Question: Who is the shortest player (which position)?

Question: Who is the tallest player (which position)?

In [10]:
A_heights = np_heights[np_positions == 'A']
M_heights = np_heights[np_positions == 'M']
gkA_heights = np.concatenate((gk_heights, A_heights))


print("Median height of all the players: " + str(np.median(np_heights)))
print("Median height of attackers: " + str(np.median(A_heights)))
print("Median height of goalkeeprs and attackers combines: " + str(np.median(gkA_heights)))


Median height of all the players: 179.98908338558766
Median height of attackers: 181.81243259051135
Median height of goalkeeprs and attackers combines: 180.46173056443257


In [11]:
print("The tallest player is a " + str(np_positions [np_heights== np.max(np_heights)]), 'with ', str(np.max(np_heights)), 'cm')
print("The shortest player is a " + str(np_positions [np_heights== np.min(np_heights)]), 'with ', str(np.min(np_heights)), 'cm')
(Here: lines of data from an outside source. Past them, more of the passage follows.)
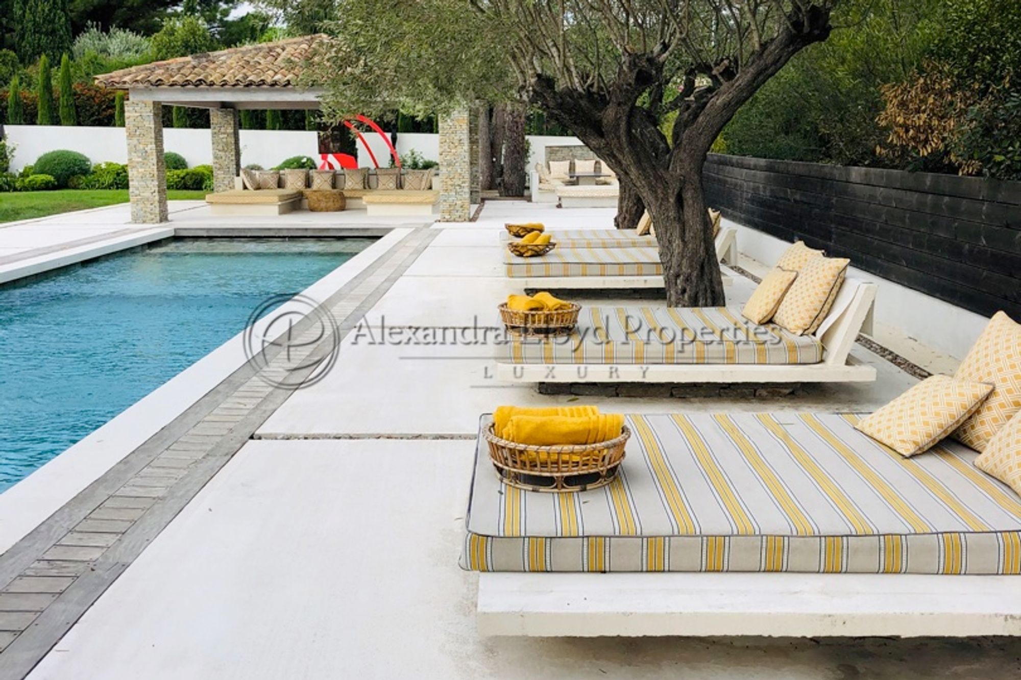 A lovely Bali inspired garden with two heated swimming pools, two pool houses and outside living rooms.
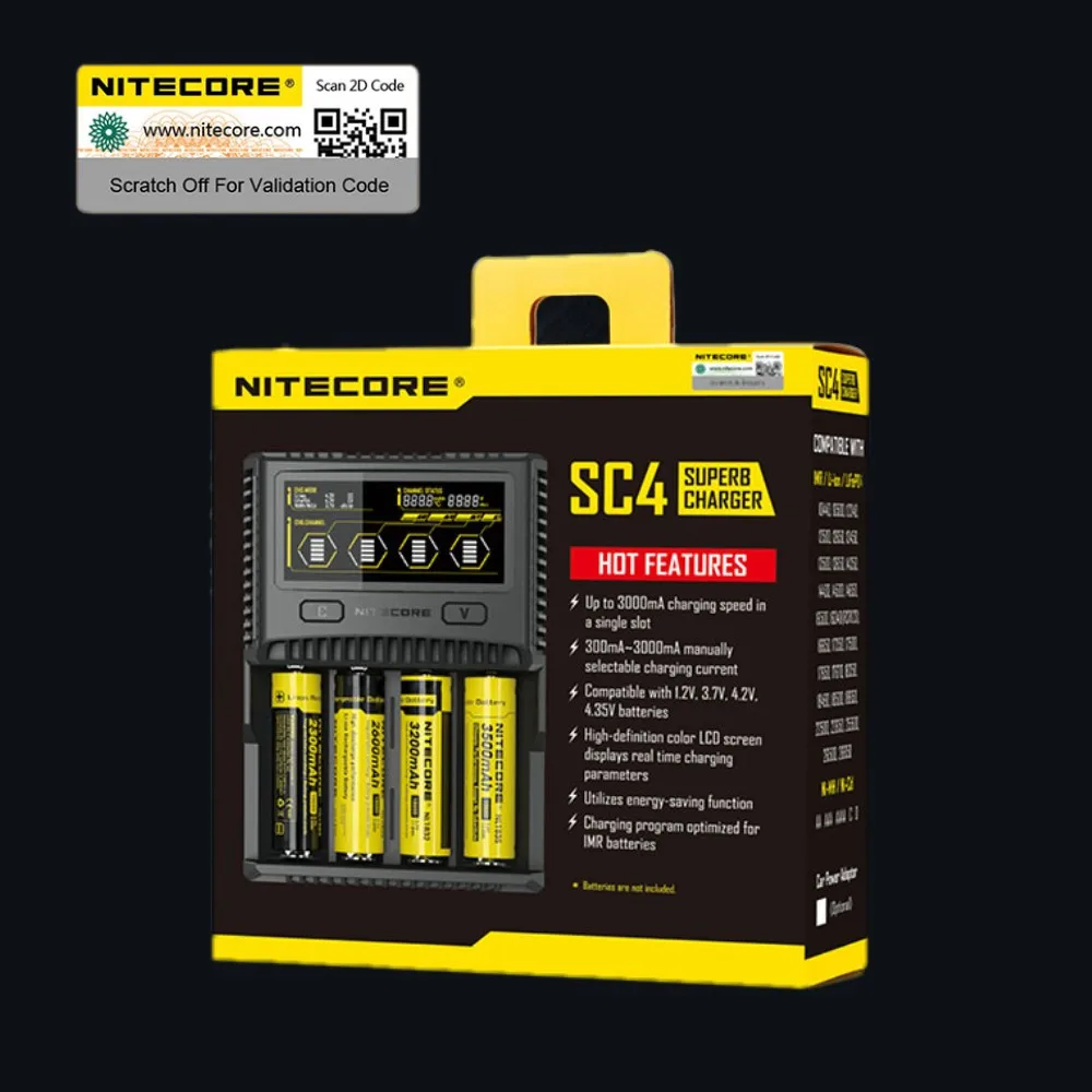 Hot Sale NITECORE SC4 Intelligent Faster Charging Superb Charger with 4 Slots 6A Total Output Compatible IMR
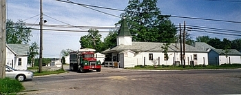 The car shed has been torn down and the station has been moved to the south side of the driveway (formerly the roadbed) and rotated 90 degrees. The truck in the bottom photo sits about where Car #23 is in the middle photo. The building now houses the Fairgrounds' Offices.
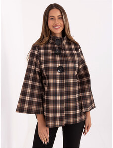 ITALY MODA Hnedý dámsky károvaný oversize kabát -IT-PL-31820-1.26-camel
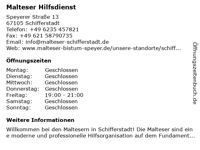 | Öffnungszeiten Malteser Hilfsdienst in Schifferstadt anzeigen | |
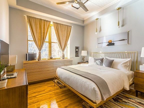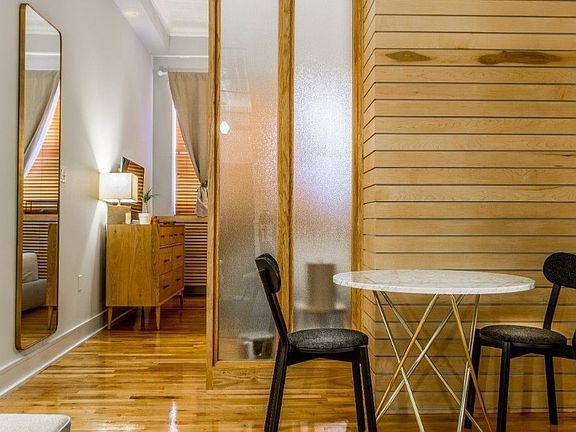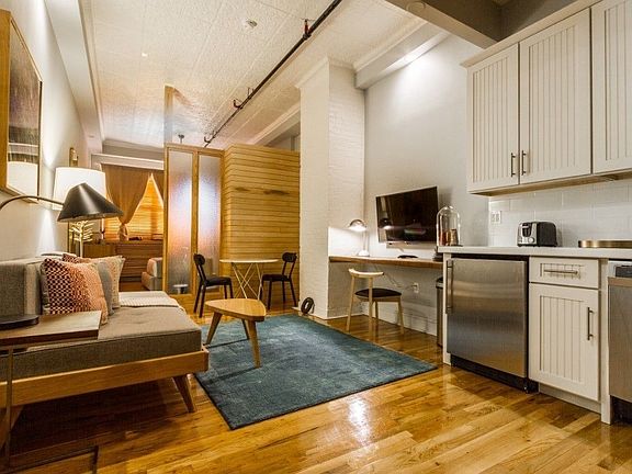 Beautiful renovated Loft in converted factory on Franklin St. Gorgeous Alcove Studio Loft This gorgeous loft features beautiful custom details throughout including custom wood and glass partition creating a separate sleeping area from the living space. There is a kitchen with dishwasher and microwave, and stunning marble bathroom with deep soaking tub. High ceilings and hardwood floors. Schedule a viewing today. *Kitchen has been updated and now features a full size refrigerator
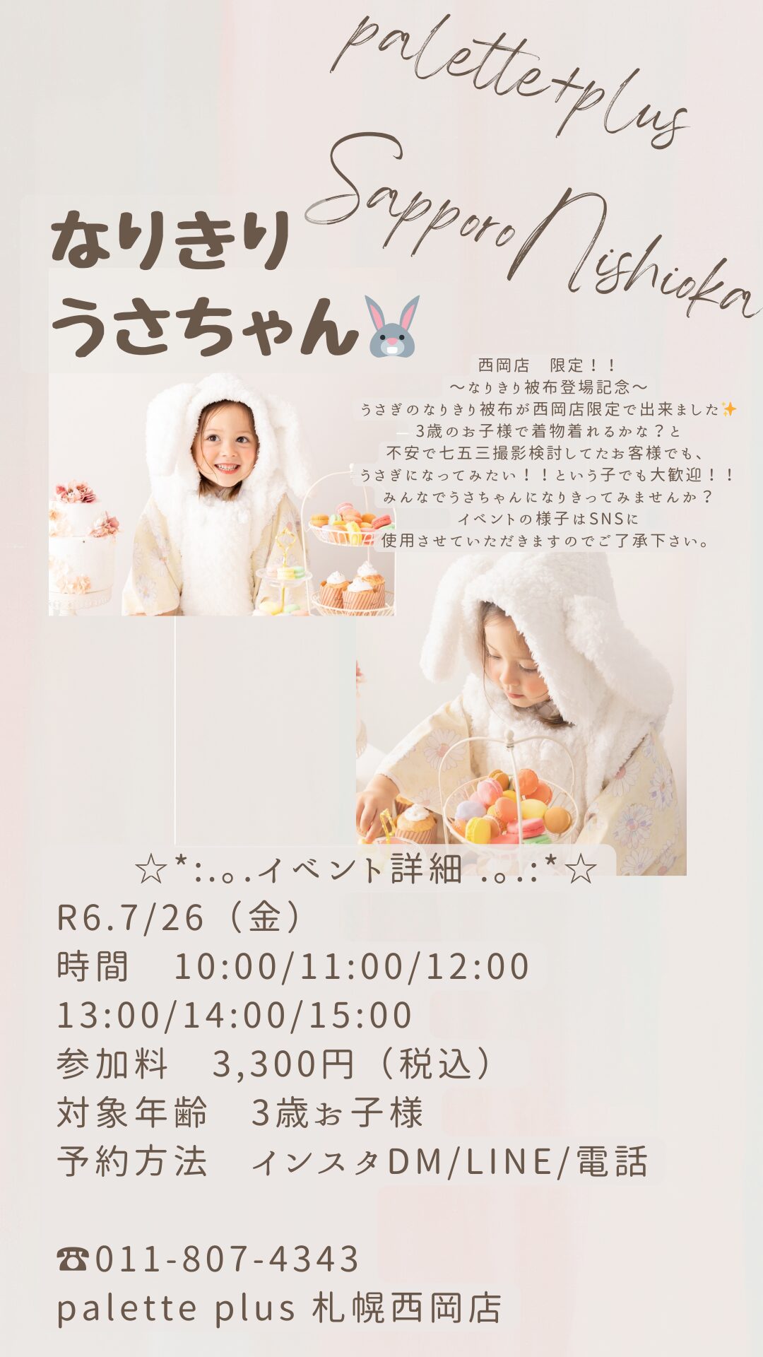 Palette plus札幌西岡店限定イベントがスタート! みなさんこんにちは! 札幌市豊平区西岡にあるベビーキッズ専門フォトスタジオ、Palette plus札幌西岡店です! R6,7/26(金)開催決定!! "なりきりうさちゃん🐰" 西岡店限定被布『うさぎ被布誕生』を記念して。。。 うさちゃんになってみませんか? 赤ちゃんの時に着ぐるみ着たけど、大きくなるとないよね。。。 という声が多かったのもあり、作成いたしました! 小さい頃の着ぐるみの写真と並べてみてはいかがですか? うさちゃんになりたい!!という子、もちろんOK🙆♀️ そうではなく、七五三の歳だけど。。。 うちの子、着物着れるのかな?と不安で諦めようとしていたパパママ! 着物チャレンジしてみるにはもってこいのイベントになるので、ぜひこの機会に!!
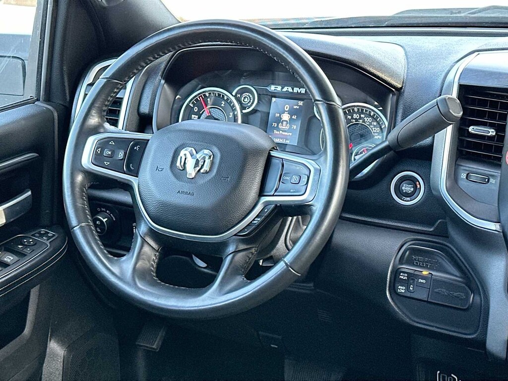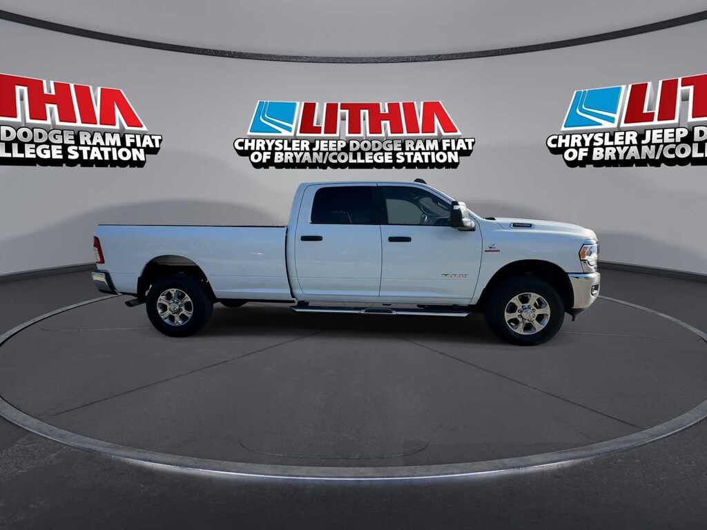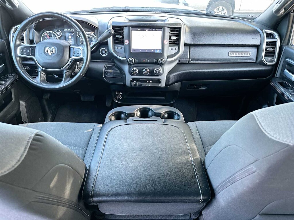 ENGINE: 6.7L I6 CUMMINS TURBO DIESEL Selective Catalytic Reduction (Urea), Dual 730 Amp Maintenance Free Batteries, Cummins Turbo Diesel Badge, Heavy Duty Engine Cooling, Current Generation Engine Controller, Diesel Exhaust Brake, Supplemental Heater, Capless Fuel Fill w/o Discriminator, GVWR: 12,300 lbs, RADIO: UCONNECT 5 W/8.4 DISPLAY Google Android Auto®, SiriusXM Radio Service, Selectable Tire Fill Alert, SiriusXM Satellite Radio, Integrated Center Stack Radio, For More Info, Call 800-643-2112, Connectivity - US/Canada, 4G LTE Wi-Fi Hot Spot, All Radio Equipped Vehicles, All R1 Low Radios, 8.4 Touchscreen Display, Apple CarPlay®, CHROME FLAT CAB-LENGTH SIDE STEPS, LEVEL 1 EQUIPMENT GROUP Leather Wrapped Steering Wheel, Rear Dome w/On/Off Switch Lamp, Front Fog Lamps, Glove Box Lamp, Auto Power-Folding Mirrors, Footwell Courtesy Lamp, Mirror Running Lights, Radio: Uconnect 5 w/8.4 Display, Foam Bottle Insert (Door Trim Panel), Wheels: 18 x 8.0 Polished Aluminum, Big Horn IP Badge, Forward & Reverse Utility Lights, Locking Lower Glove Box, Power Heated Fold Telescopic Mirrors, Steering Wheel Mounted Audio Controls, Dual Glove Boxes, 2nd Row In Floor Storage Bins, Power Telescoping Mirrors, TRANSMISSION: 6-SPEED AUTOMATIC 68RFE Urethane Shift Control, DIESEL GRAY/BLACK, PREMIUM CLOTH 40/20/40 BENCH SEAT Rear 60/40 Folding Seat, Front Center Seat Cushion Storage, Power Adjust 8-Way Driver Seat, Front Seat Back Map Pockets, Power 2-Way Driver Lumbar Adjust. Ram Big Horn with Bright White Clearcoat exterior and Diesel Gray/Black interior features a Straight 6 Cylinder Engine with 410 HP at 5600 RPM*.
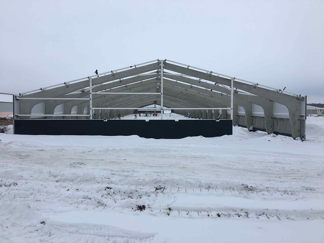 Возведение в любое время года. При строительстве зданий из металлоконструкций отсутствуют процессы, требующие определенного температурного режима или влажности (не используются растворы), а потому строить их можно при любой погоде.
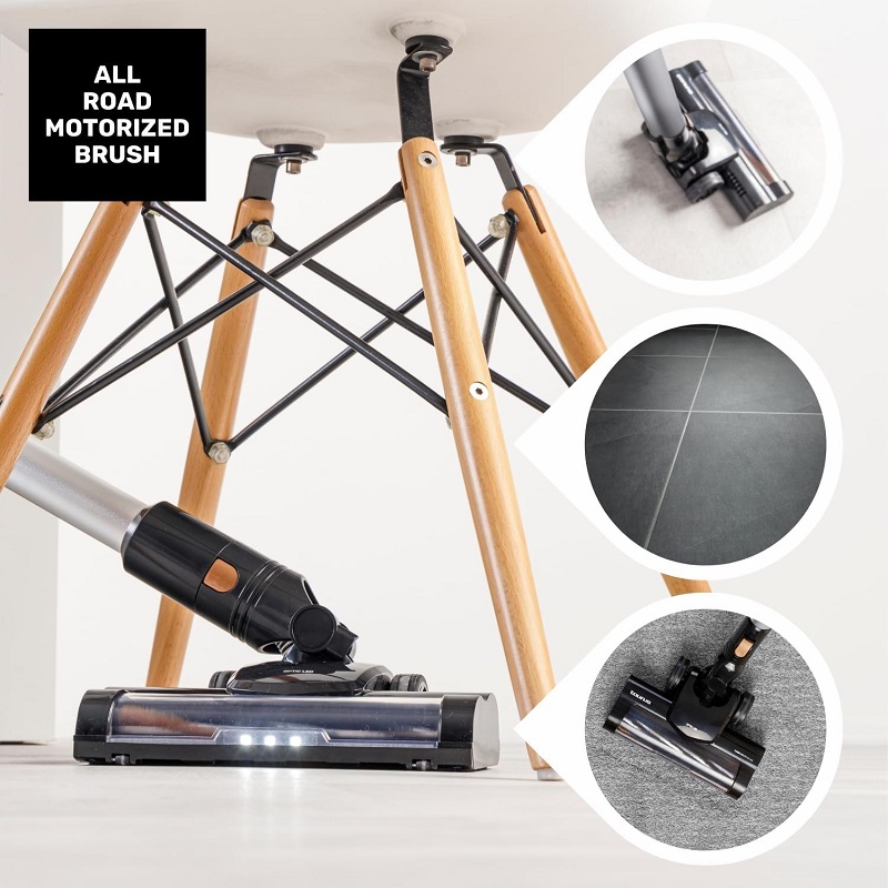 Le Homeland Ultimate combine une puissance de 150W et 10 000 Pa d'aspiration avec une batterie amovible de 29,6V, offrant jusqu'à 70 minutes d'autonomie en mode ECO, équipé du système de filtre Triple Advanced Filtration (HEPA, cyclonique et mesh) et d'un réservoir de 600 ml, garantissant une élimination efficace des particules fines et un nettoyage plus propre. Comprend deux accessoires interchangeables, o ALL ROAD et o FUZZY. Conçu pour offrir une efficacité et une praticité maximales dans tous vos nettoyages.

The tallest player is a ['D'] with  195.75674494860687 cm
The shortest player is a ['A'] with  171.2751376853617 cm


In [12]:
np_positions[2]

'GK'

In [13]:
d_heights = np_heights[np_positions == 'D']

## Data plotting

For plotting, we need the package matplotlib

In [14]:
plt.figure()
plt.hist(d_heights)
plt.title('Defenders')
plt.xlabel('Heights')
plt.show()

<IPython.core.display.Javascript object>

In [15]:
p = ['GK', 'D', 'M', 'A']
p_max = [np_heights[np_positions == i].max() for i in p]

In [16]:
plt.figure()
plt.plot(range(len(p)), p_max)
plt.gca().xaxis.set_ticks(range(len(p)))
plt.gca().xaxis.set_ticklabels(p)
plt.ylabel('Heights')
plt.show()

<IPython.core.display.Javascript object>